INFORMATION SUPPLIED:
--- START ---
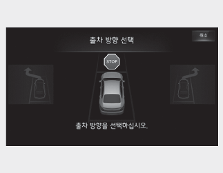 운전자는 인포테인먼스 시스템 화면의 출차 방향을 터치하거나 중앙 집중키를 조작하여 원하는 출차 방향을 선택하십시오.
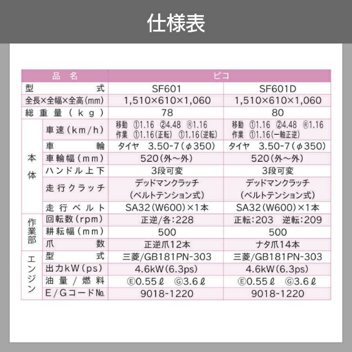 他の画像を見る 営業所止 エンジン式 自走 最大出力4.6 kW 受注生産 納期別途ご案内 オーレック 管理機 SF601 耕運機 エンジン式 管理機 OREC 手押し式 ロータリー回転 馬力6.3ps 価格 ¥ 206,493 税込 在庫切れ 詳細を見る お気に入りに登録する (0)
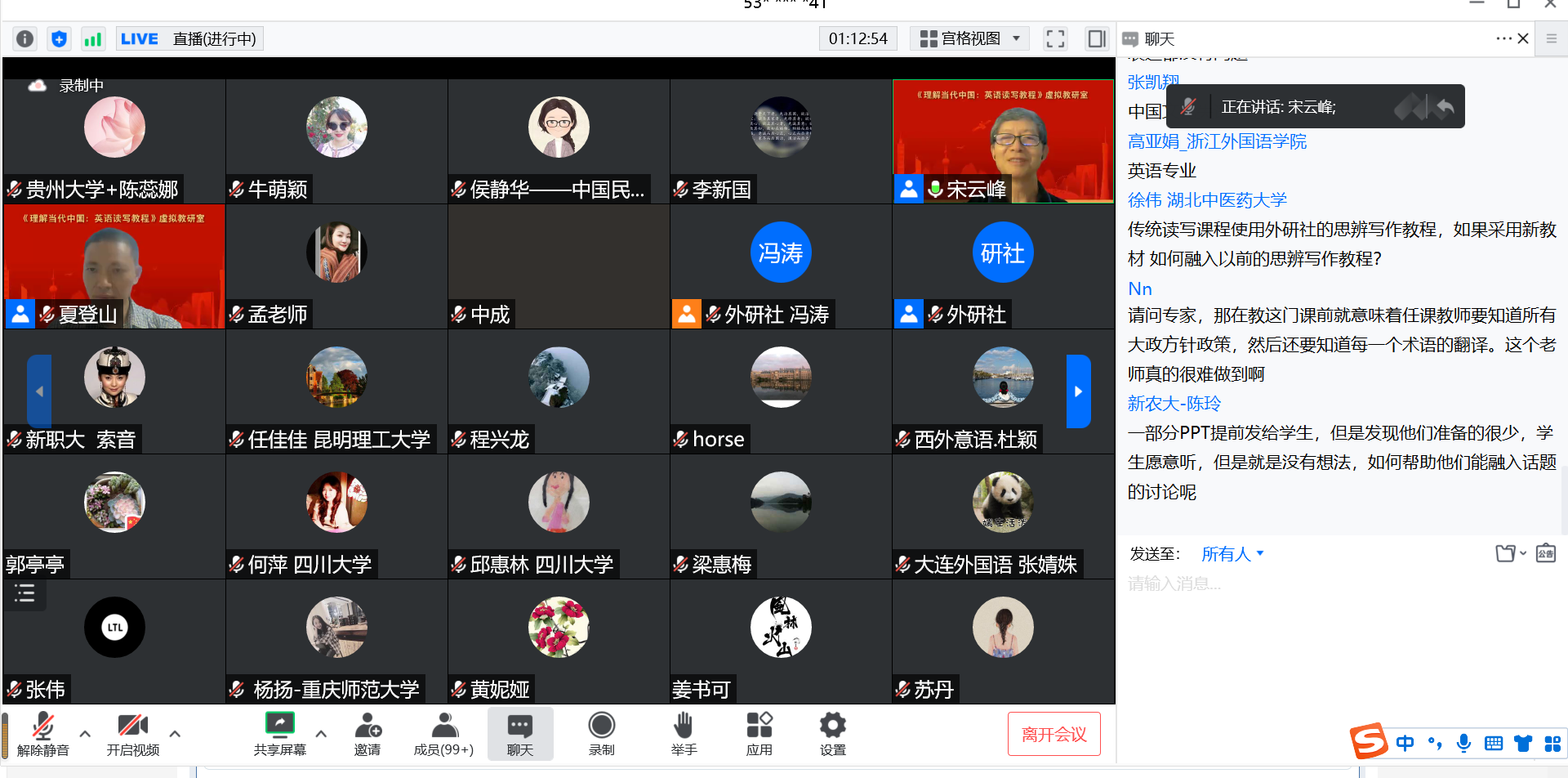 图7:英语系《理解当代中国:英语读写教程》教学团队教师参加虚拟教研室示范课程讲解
--- END ---
DIRECTIONS FOR THIS TASK:
Leave every image out, and retype the material exactly.

RESULT:
 운전자는 인포테인먼스 시스템 화면의 출차 방향을 터치하거나 중앙 집중키를 조작하여 원하는 출차 방향을 선택하십시오.
 他の画像を見る 営業所止 エンジン式 自走 最大出力4.6 kW 受注生産 納期別途ご案内 オーレック 管理機 SF601 耕運機 エンジン式 管理機 OREC 手押し式 ロータリー回転 馬力6.3ps 価格 ¥ 206,493 税込 在庫切れ 詳細を見る お気に入りに登録する (0)
 图7:英语系《理解当代中国:英语读写教程》教学团队教师参加虚拟教研室示范课程讲解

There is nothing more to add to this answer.